An umbilical effluent system pumps effluent from the storage pond to where it’s needed, even if that is several kilometres away. The effluent flows through a large, flexible pipe to a specialist spreader and dribble bar mounted on the rear of a tractor. The tractor traverses the paddock as usual, towing the “umbilical” pipe behind.

Such a system can discharge at least 200,000L/hour, whereas a 20,000L tanker averaging three loads an hour would only manage 60,000L/hour.

Ikawai Dairies, in South Canterbury, switched to an umbilical system after having problems with blockages when discharging effluent through its pivot irrigators. The new system has made a huge difference to discharge levels. On Ikawai’s hill blocks it manages 200,000L/hour even when pumping 1.5km with a lift of up to 100m. On the flat the rate is more like 250,000L/hour. And all this on a 150hp John Deere with a 9-metre dribble bar.

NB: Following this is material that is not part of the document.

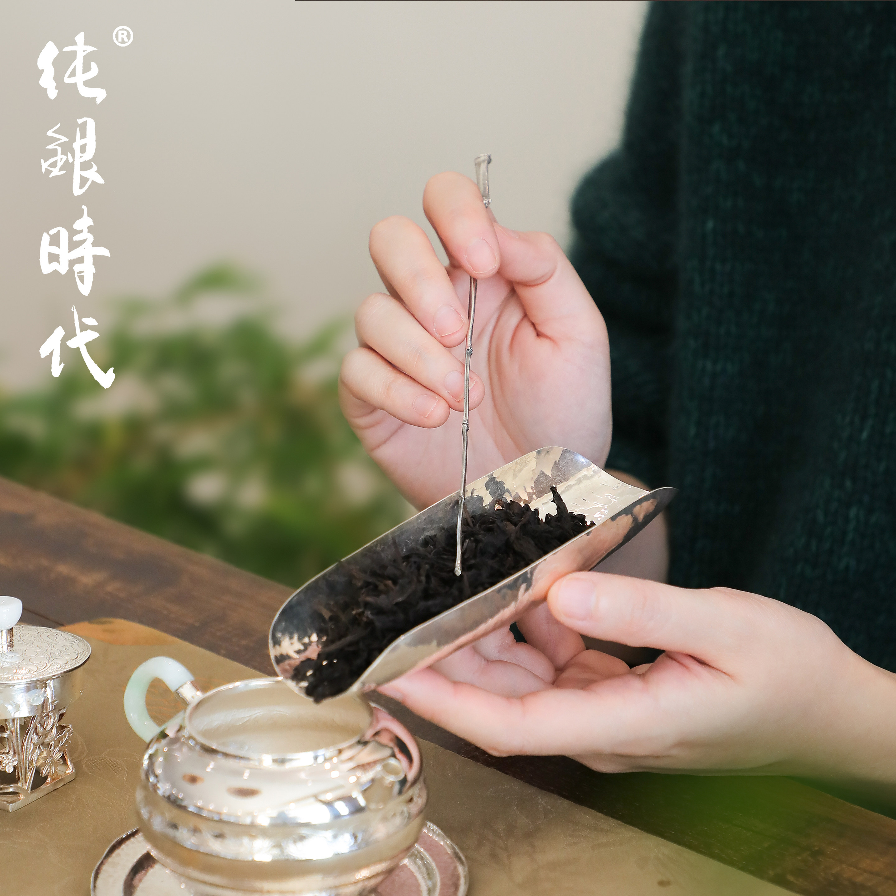 纯银时代 竹枝茶针茶拨纯银999纯手工茶道零配茶席美物雅致茶器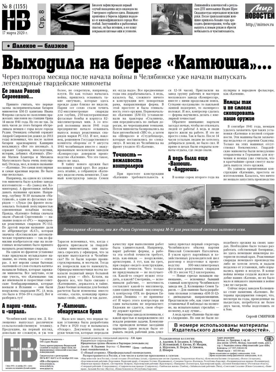 В номере читайте также газету в газете "Новый вторник", новости, подборку фотографий фронтовиков под рубрикой "Лица Победы, очередные "Заметки каждого дня" писателя Анатолия Зябрева, письма читателей, материалы тематических страниц "Телевечер" и "Полезно знать", программу ТВ и гороскоп на предстоящую неделю, прогноз погоды, объявления. Для любителей головоломок - большой сканворд.

One of the ways an umbilical effluent system helps you comply with environmental standards is through the design of its dribble bar. This uses hydraulics to give a consistent, measurable spread across the width of the bar. The system automatically records the amount of liquid spread, when it was spread and where, giving you proof of placement should regulators require it. The dribble bar also minimises odour and wind drift and ensures a more efficient uptake of nitrogen by placing the effluent directly on the ground, rather than spraying it into the air.

An umbilical effluent system increases productivity by saving you time. It has a discharge rate four times faster than a tanker system, which gives you the option of picking and choosing when best to empty the storage pond depending on weather and paddock conditions. Also, the umbilical pipe can take a more direct path to where the effluent is needed, rather than being constrained as a tanker is to following a designated roadway, which would add distance and time to the turnaround.

Another key benefit of an umbilical effluent system is the money to be saved by reducing traffic and loadweights on pasture and farmways. A fully laden 16,000-litre tanker and tractor weighs about 32 tonnes, whereas a tractor and spreader carrying reels of hose weighs about 12 tonnes. Where more than one tanker is working on a site there are safety issues as well – tractors having to pass each other by pulling over to the edge of narrow tracks, for example.

The lighter weight of a tractor and umbilical hose also considerably lessens soil compaction, which helps reduce water runoff and increase crop yield. Gateways in particular benefit. These soon become damaged from tankers coming and going, whereas an umbilical system goes through the gate only twice – once in and once out.

As you can see, an umbilical effluent system is a more productive, efficient and environmentally sustainable way to get your herd’s liquid gold to where it is needed and keep it away from where it is not.